Launch the cluster from your local machine and Ray will handle installing all necessary dependencies and configuring both the GPU driver node (cluster head) and the Postgres execution nodes (cluster workers).

On your laptop, edit the cluster configuration file such that the number of nodes and file mounts are correctly configured; see all NOTE comments. By default it uses a g4dn.12xlarge head node (48 vCPUs, 192GB RAM, 4 T4 GPUs) and 20 r5a.2xlarge worker nodes (8 vCPUs, 64GB RAM, 256GB SSD per node).

cd ~/balsa
vim balsa/cluster/cluster.yml

Start the cluster.

ray up balsa/cluster/cluster.yml

ray attach balsa/cluster/cluster.yml

On the head node, check if the workers are ready. It can take 10-20 minutes while the workers are getting set up.
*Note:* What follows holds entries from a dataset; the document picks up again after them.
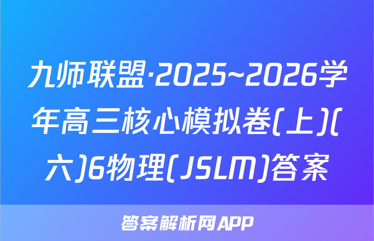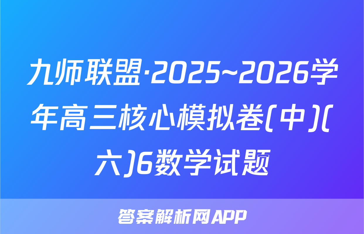2025~2026学年高三核心模拟卷(中)数学(六)注意事项:1本卷满分150分,考试时间120分钟。答题前,先将自已的姓名、准考证号填写在试题卷剂卡上,并将准考证号条形码粘贴在答题卡上的指定位置。2,选择题的作答:每小题选出答案后,用2B铅笔把答题卡上对应题日的答案标号涂只。写在卷、草稿纸和答题卡上的非答题区域均无效。3.非选择题的作答:用签字笔直接答在答题卡上对应的答题区城内。写在试题卷、草稿纸和答、上的非答题区域均无效。4.考试结束后,请将本试题卷和答题卡一并上交。一、选择题:本题共8小题,每小题5分,共40分。在每小题给出的四个选项中,只有一项是符合题求的。如:1,设全集U=(∈Nx≤6),集合A={1,2,3,4,B=(2,3,4,5},则Cu(AUB)=BA.{6}B0,6}:C.{1,5,6}D.{0,1,5,6}()酒2.设a,bCR,1是虚数单位,则(a十1)=0是“复数a+生为纯虚数”的乃出单的指6片米(A.充分不必要条件B.必要不充分条件C.充要条件、P由面的)次D.既不充分也不必要条件3.已知向量a,b的夹角为5,a=2,aL(a-b),则|2a+b=A02b=0.4a+Yub+b吃A43B.5√34-2X32=0C.486+6r6D.7554OB296+624.已知等差数列{an}的前n项和为Sn,S8=2,S16=6,则S2=6t6B.20C.22月.24A.183X32320+4965.已知底面半径为1,体积为严的圆维的顶点和底面圆周都在码硒球面上,则球0的表面积为B.16πe呀D.64元iGOON68p8ian(a-)是关于x的方程x2+mx-2=0的两个不同的根,且tana=2,则m=D.-42026.02.0916:11-2Q.43
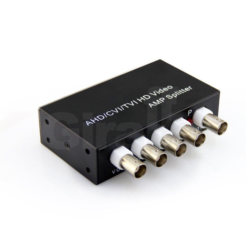 Разветвитель видеосигнала AHD/CVI/TVI/CVBS (1вх./4вых.) разрешение до 5 МП; 60 МГц ; DC12В/250мA ; 50 х 110 х 30мм; Грозозащита и защита от электростатического разряда CLASS 4
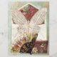 Vintage open envelope with insert, Paper butterfly, Victorian fan, hat box over gold and green old paper. Gold and green old paper on reverse side
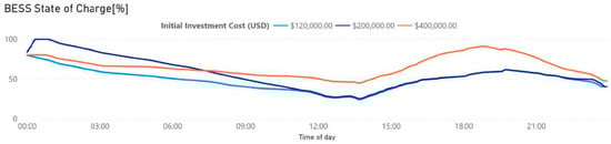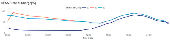 Finally, when the operation starts with the SOC at 80%, there is a gradual discharge of the battery during the first hours, so that the SOC decreases to a level of 50% at 12 pm. After that, the battery is charged with the excess of PV generation to be again discharged at peak hours, in order to complement the extra demand. At the end of the daily operation, the SOC is approximately 50%. It is noticeable that, regardless of the initial SOC of the BESS, during daily operation, while meeting the needs of the load, the SOC converges to a common point, close to the SOC of lowest battery degradation.
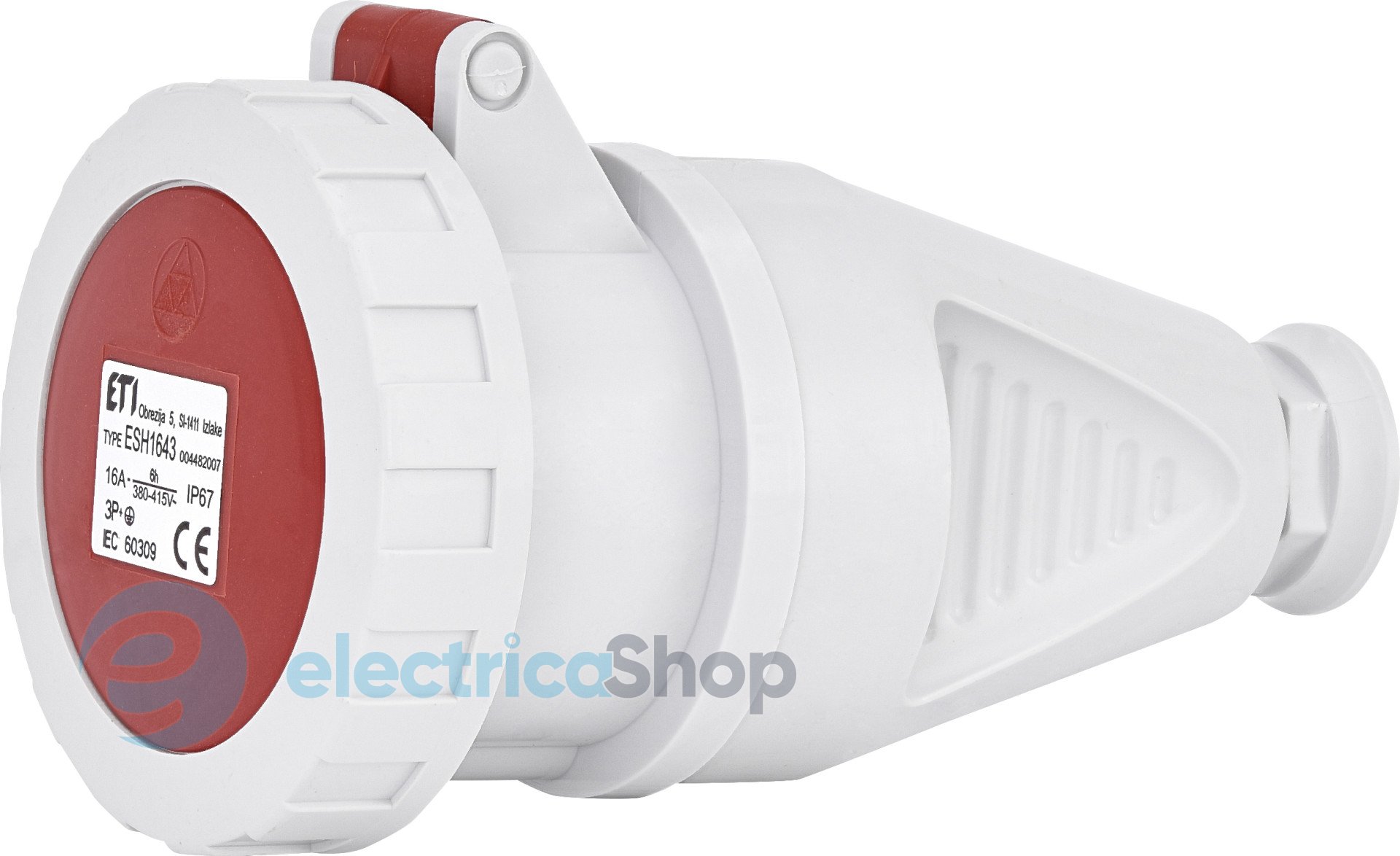 CEE Socket, ESH 1643, Ступінь захисту IP IP67, Кількість полюсів 3+PE, Номінальний струм (A) 16, Номінальна напруга (В) 400, Тип розетка вилка Розетка кабельна, Максимальна сила струму 16 A, Сила струму відповідно до UL / CSA (для UL-виконання) A, Кількість полюсів 3 , Напруга відповідно до EN 60309-2 і колір 400 В (50+60 Гц) червона , Положення ключа в годинах / Орієнтація заземл. контакту (по цифербл. годинника) 6 h, Маркувальне забарвлення Червоний , Номер кольору Ral , Ступінь захисту IP IP67 , Спосіб підключення Гвинтова клема , Кут підключення Прямолінійний (-а) , Кабельний ввід Ущільнювальна гайка , Матеріал Пластик , Виконання для збройних сил
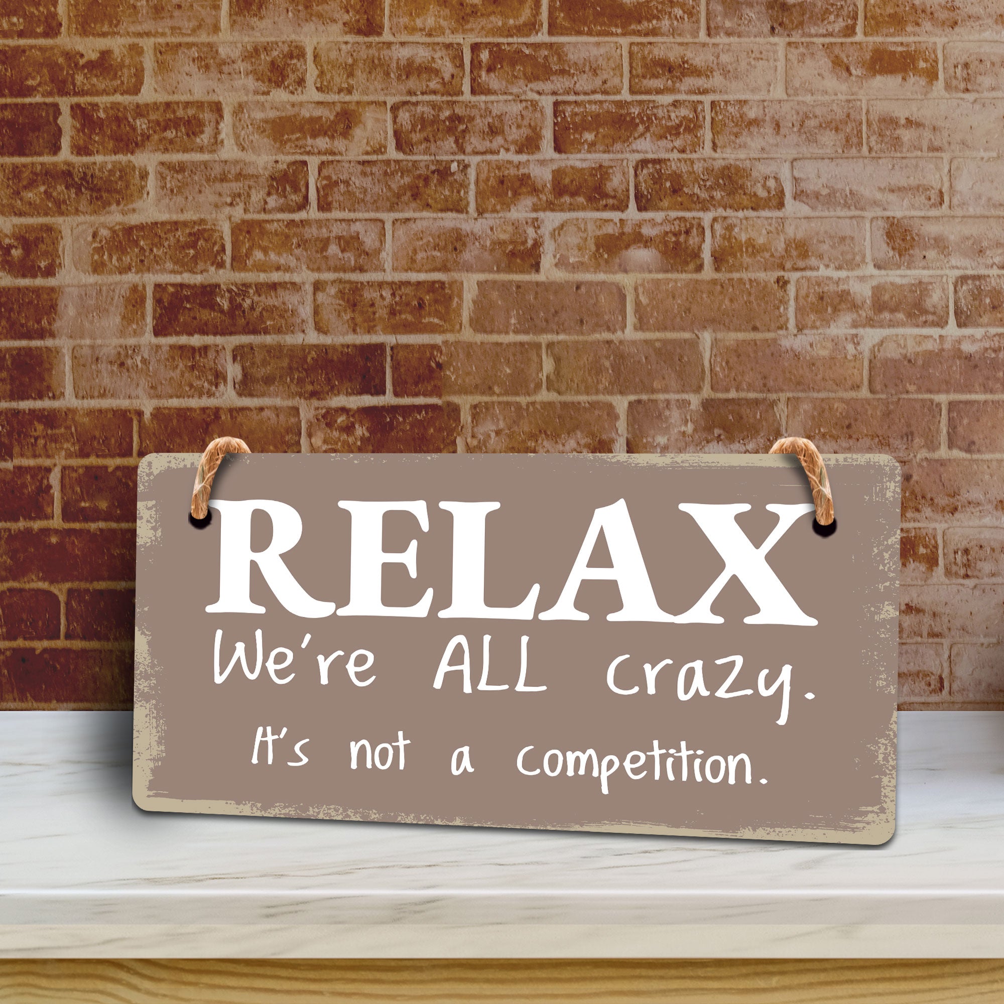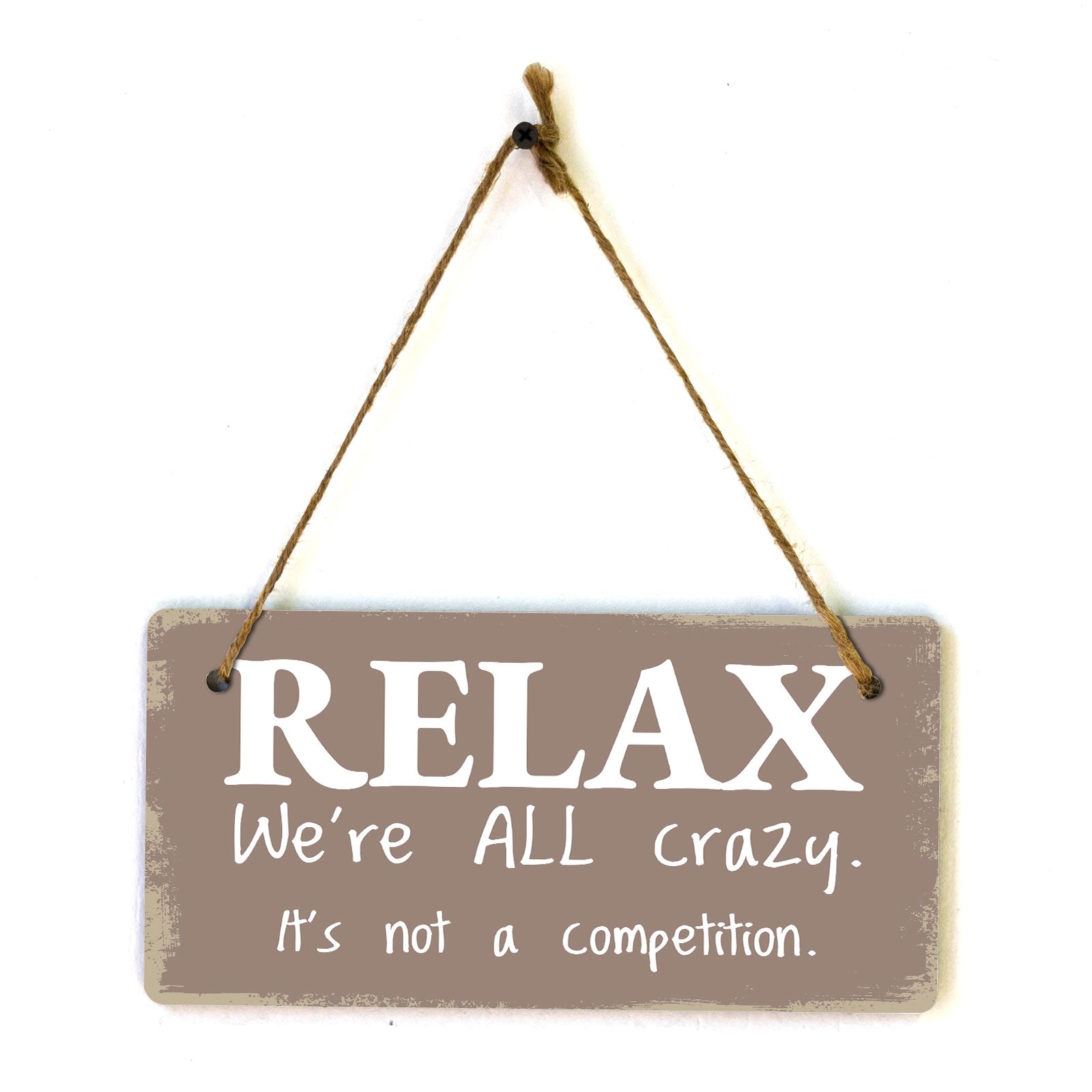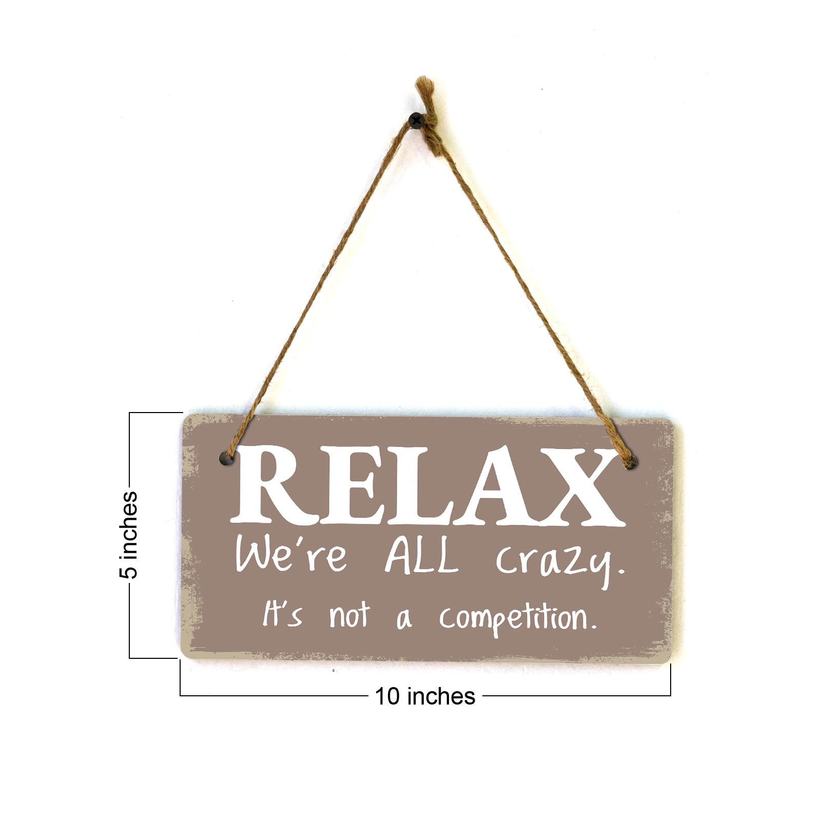 Introducing our versatile and stylish Relax We're All Crazy. It's Not A Competition., the perfect blend of style and sophistication to elevate your home or workplace. Our 5x10 Hanging Sign range is the perfect choice for your home, workplace or business. Each sign is attached with rustic twine, providing a charming and versatile accent for any space. Our curated designs effortlessly complement a variety of styles, from rustic farmhouse or Modern Chic, to simple and functional options. Choose from our diverse range of designs to personalize your space. Whether it's a warm welcome at the entrance, a motivational quote for your workspace, or a playful touch for the kids' room, our Hanging Wall or Door Signs are the perfect way to express your unique style.

# Run this on the head node
conda activate balsa
cd ~/balsa/balsa/cluster/
python check_cluster.py

NOTE: To monitor the detailed status of worker launching and setup, run on your laptop: ray exec cluster.yml 'tail -n 100 -f /tmp/ray/session_latest/logs/monitor*'.

Before warming up the Postgres worker nodes, you'd need to log onto AWS to add one rule in the security group.

1. Click any worker node's "Instance ID" on AWS EC2 web portal
2. Click "Security"
3. Click the security group "sg-xxxx (ray-autoscaler-<cluster name>)"
4. Click "Edit inbound rules"
5. Add rule -> "All TCP" and "Anywhere-IPv4"
6. Click "Save rules"

Warm up the Postgres worker nodes:

# Run this on the head node
cd ~/balsa/balsa/cluster
python warmup_pg_servers.py

Running experiments on the cluster

ray attach balsa/cluster/cluster.yml
wandb login

Before launching parallel runs, launch a single run first:

python run.py --run Baseline
python run.py --run <name>

This ensures that the appropriate simulation data is generated and cached and that data/initial_policy_data.pkl is correct for the query split. After you've observed it to run successfully to the first iteration of the real-execution stage (Planning took ...), safely kill it with pkill -f run.py. Then, launch multiple runs:

# Run this on the head node
# Usage: bash scripts/launch.sh <name> <N>
bash scripts/launch.sh Balsa_JOBRandSplit 8

# To monitor:
#   (1) W&B
#   (2) tail -f Balsa_JOBRandSplit-1.log

Editing code

You can edit Balsa code on your laptop under the working directory path specified under file_mounts in the balsa/cluster/cluster.yml file. Push updated code to the cluster with the following (this will interrupt ongoing runs):

ray up balsa/cluster/cluster.yml --restart-only

Now you can log in to the head node and launch new experiments with the updated changes.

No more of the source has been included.